In that case this is the issue for this bug I guess.
>From the log it is clear that there is no problem wrt the node and version at
>1st. [As part of the transition of state from OPENING to OPENED 1st the
>present data is read and the check below tells the data and its version every
>thing is fine.] Immediately a connection loss happened. This triggers a retry
>for the setData. May be the previous operation made the data change in
>zookeeper and master got the data changed event. (?)
I think correcting the above code may solve the problems.

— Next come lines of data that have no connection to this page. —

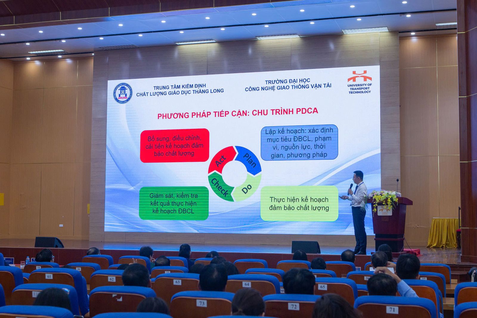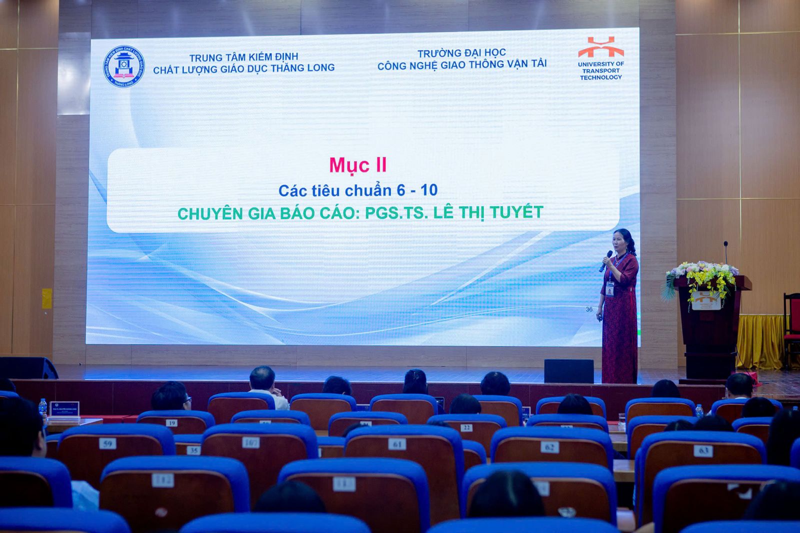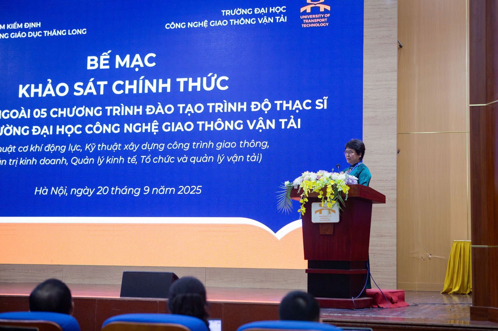 Phát biểu tại buổi bế mạc, TS. Phí Thị Nguyệt Thanh - Phó Giám đốc Trung tâm Kiểm định chất lượng giáo dục Thăng Long trân trọng ghi nhận sự phối hợp chặt chẽ của Trường Đại học Công nghệ GTVT trong việc cung cấp thông tin, minh chứng phục vụ công tác đánh giá. Đồng thời, Đoàn cũng đánh giá cao các quy trình được triển khai, phương pháp làm việc khoa học cùng tinh thần trách nhiệm, khách quan và công tâm của tập thể trong suốt quá trình nghiên cứu hồ sơ, khảo sát sơ bộ cũng như khảo sát chính thức, qua đó đưa ra những nhận định xác đáng và các khuyến nghị thiết thực nhằm nâng cao chất lượng của Nhà trường.
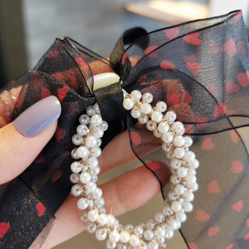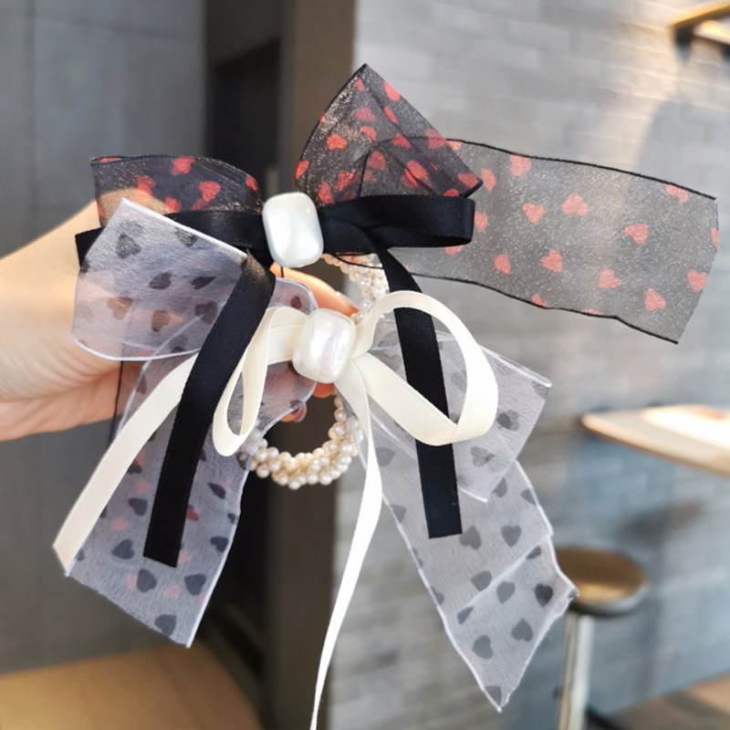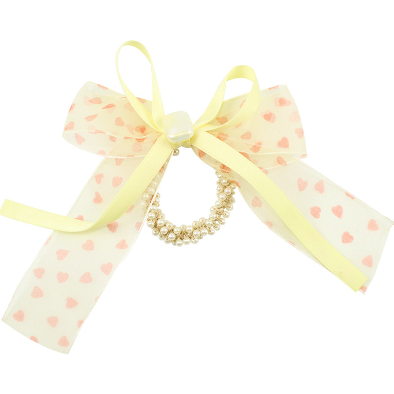 Pink Ribbon Pearl Hair RingBlack Ribbon Pearl Hair RingGray Ribbon Pearl Hair RingLight Yellow Ribbon Pearl Hair Ring
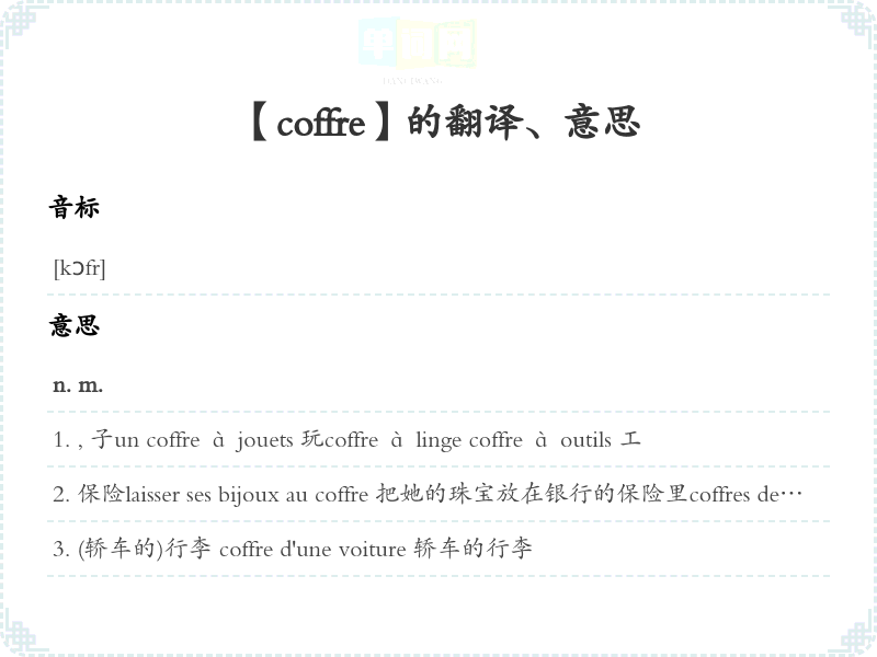 保险laisser ses bijoux au coffre 把她的珠宝放在银行的保险里coffres de l'État 国库
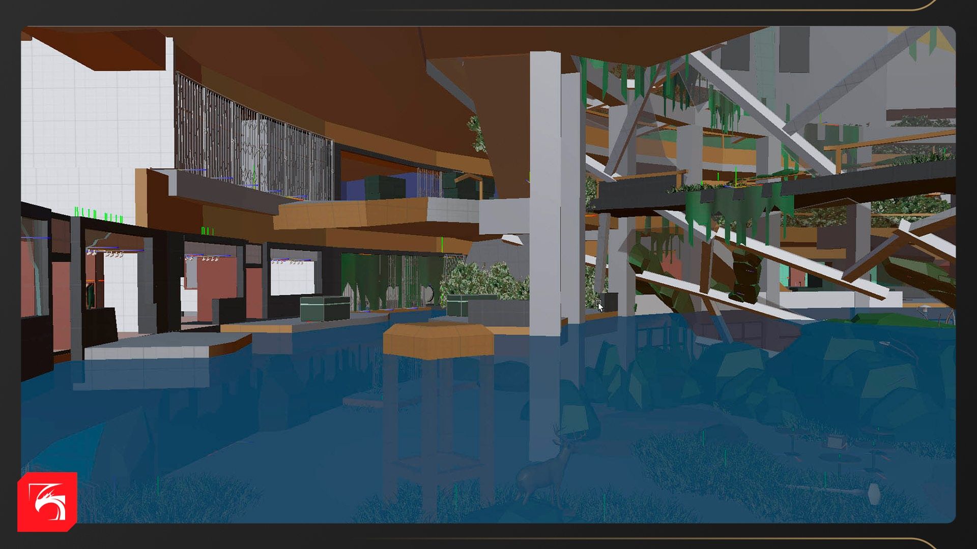 После проверки механик и расстановки основных элементов базовые формы усложняются. Некоторые объекты заменяются на полноценные 3D-модели. Это помогает левел-дизайнеру и художникам по окружению оценить, как будет всё выглядеть визуально. На этом этапе важно, чтобы улучшения в визуальной составляющей не усложнили прохождение и восприятие уровня.
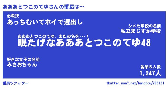 | 欧米人風あだ名 | 『マイケルあああとつこのてゆ』 |
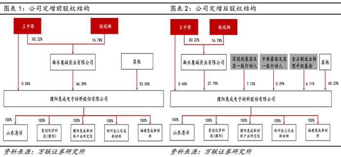 计划引入战略投资者,股权机构稳定。目前,实际控制人为王中锋和杨瑞娜,合计持有公司46.39%的股份。王中锋先生现任公司董事长兼总经理,濮阳市奥城实业有限公司执行董事,杨瑞娜女士现任河南省科学院化学研究所有限公司电子化学品研究室主任、公司董事。公司2020年7月发布公告称,拟引入深创投集团、深创投转型升级基金、中新睿银、融创岭岳基金和金石转型升级基金等战略投资者,定增后王中锋、杨瑞娜夫妇直接和间接持有公司股份占公司本次发行后总股本的38.25%,仍为公司的实际控制人,股权结构稳定。
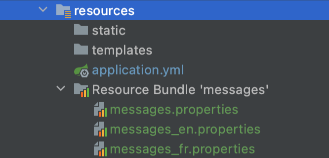 다음으로 application.yml 파일에 다국어 파일명을 지정하고 다국어 파일을 생성합니다. 다국어 파일은 resources 폴더 하위에 제공할 언어별로 생성합니다.
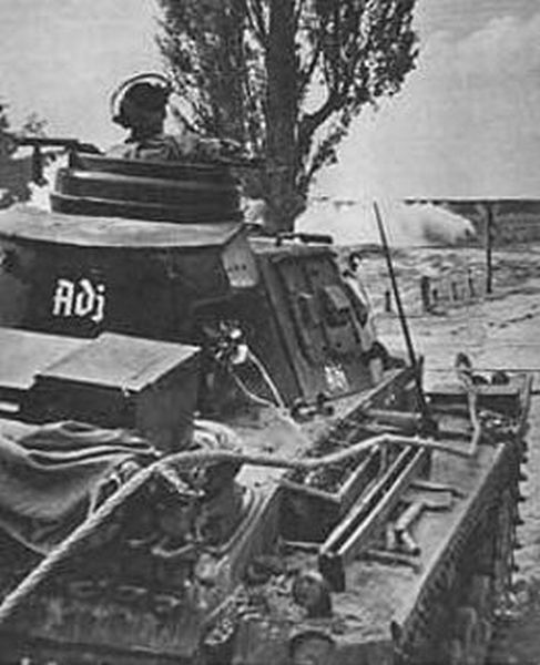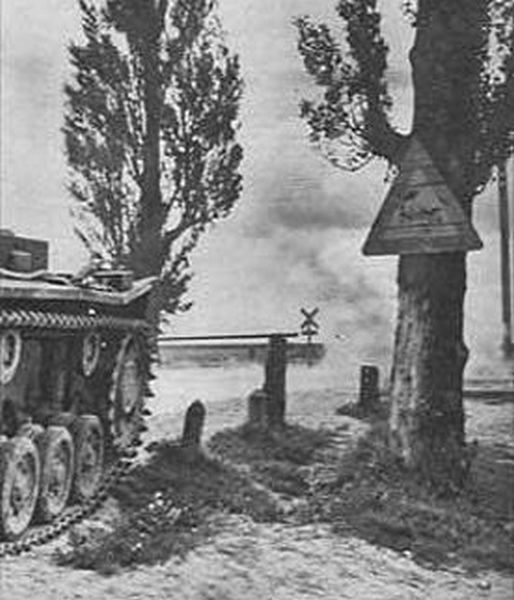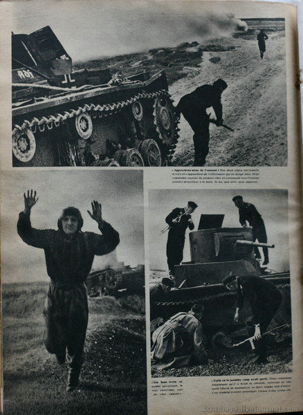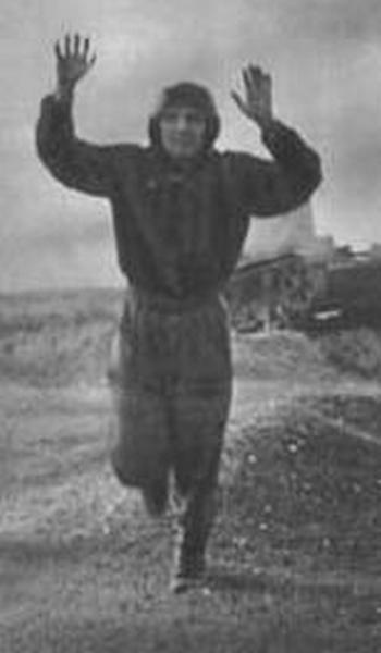 德军第6装甲师第11装甲团的三号坦克击毁苏军T-26坦克并俘获其坦克手,1941年7月摄于乌克兰西部赫梅利尼茨基州波隆—米罗波尔铁路侧线附近。 这些照片发布在1941年的《信号》杂志上,配文大致如下: 就在距离波隆诺耶-新米罗波尔铁路侧线200米的地方,我们发现了一辆俄军坦克,它似乎没有注意到我们。当第一辆坦克准备开火时,我抓起相机开始拍照。领头的坦克开火了,三发炮弹之后,敌方坦克起火燃烧。命中!我们的坦克缓缓前进,两辆全副武装的坦克手接近了静止不动的敌军。唯一的幸存者举起双手向我们走来。 从一些其他评论和截图看,这个场景也在当时的新闻短片中出现。但不确定这几张是直接在新闻短片中截取的,还是另一台照相机单独拍摄的。
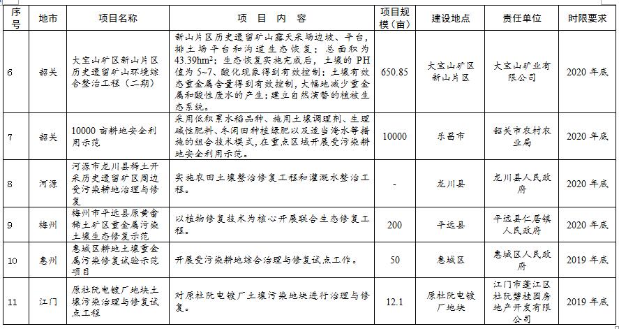 (十二)加强污染地块治理与修复。以拟开发建设居住、商业、学校、医疗和养老机构等项目的污染地块为重点,开展治理与修复,防范土壤环境风险。进一步推进和规范土壤污染治理与修复技术应用试点项目,及时总结试点经验。韶关市要加快推进大宝山矿区新山片区历史遗留矿山环境综合整治工程(二期)、石人嶂尾矿库生态恢复工程(二期)、曲江区梅花河流域历史遗留污染地块整治(一期)等土壤污染综合防治重点项目。(省生态环境厅牵头,省自然资源厅、住房城乡建设厅、地质局等参与)
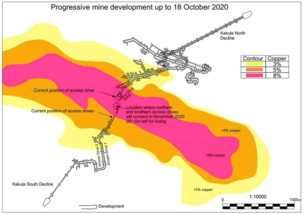 卡莫阿銅業(yè)訊 目前,卡庫(kù)拉南北兩條運(yùn)輸通道距離貫通僅剩約260米,其中北面通道已到達(dá)銅品位高達(dá)11%的區(qū)域。預(yù)計(jì)11月貫通后,即可開(kāi)采高品位銅礦及啟用專用地下通風(fēng)巷,大幅提升地下運(yùn)輸效率和安全性,有助于項(xiàng)目加快投產(chǎn)。

> Bad version, failed OPENING to OPENED but master thinks it is open anyways
> --------------------------------------------------------------------------
>
> Key: HBASE-7034
> URL: https://issues.apache.org/jira/browse/HBASE-7034
> Project: HBase
> Issue Type: Bug
> Components: Region Assignment
> Affects Versions: 0.94.2
> Reporter: stack
>
> I have this in RS log:
> {code}
> 2012-10-22 02:21:50,698 ERROR
> org.apache.hadoop.hbase.regionserver.handler.OpenRegionHandler: Failed
> transitioning node
> b9,\xEE\xAE\x9BiQO\x89]+a\xE0\x7F\xB7'X?,1349052737638.9af7cfc9b15910a0b3d714bf40a3248f.
> from OPENING to OPENED -- closing region
> org.apache.zookeeper.KeeperException$BadVersionException: KeeperErrorCode =
> BadVersion for /hbase/unassigned/9af7cfc9b15910a0b3d714bf40a3248f
> {code}
> Master says this (it is bulk assigning):
> {code}
> ....
> 2012-10-22 02:21:40,673 DEBUG org.apache.hadoop.hbase.zookeeper.ZKUtil:
> master:10302-0xb3a862e57a503ba Set watcher on existing znode
> /hbase/unassigned/9af7cfc9b15910a0b3d714bf40a3248f
> ...
> then this
> ....
> 2012-10-22 02:23:47,089 DEBUG org.apache.hadoop.hbase.zookeeper.ZKUtil:
> master:10302-0xb3a862e57a503ba Set watcher on existing znode
> /hbase/unassigned/9af7cfc9b15910a0b3d714bf40a3248f
> ....
> 2012-10-22 02:24:34,176 DEBUG org.apache.hadoop.hbase.zookeeper.ZKUtil:
> master:10302-0xb3a862e57a503ba Retrieved 112 byte(s) of data from znode
> /hbase/unassigned/9af7cfc9b15910a0b3d714bf40a3248f and set watcher;
> region=b9,\xEE\xAE\x9BiQO\x89]+a\xE0\x7F\xB7'X?,1349052737638.9af7cfc9b15910a0b3d714bf40a3248f.,
> origin=sv4r17s44,10304,1350872216778, state=RS_ZK_REGION_OPENED
> etc.
> {code}
> Disagreement as to what is going on here.
--
This message is automatically generated by JIRA.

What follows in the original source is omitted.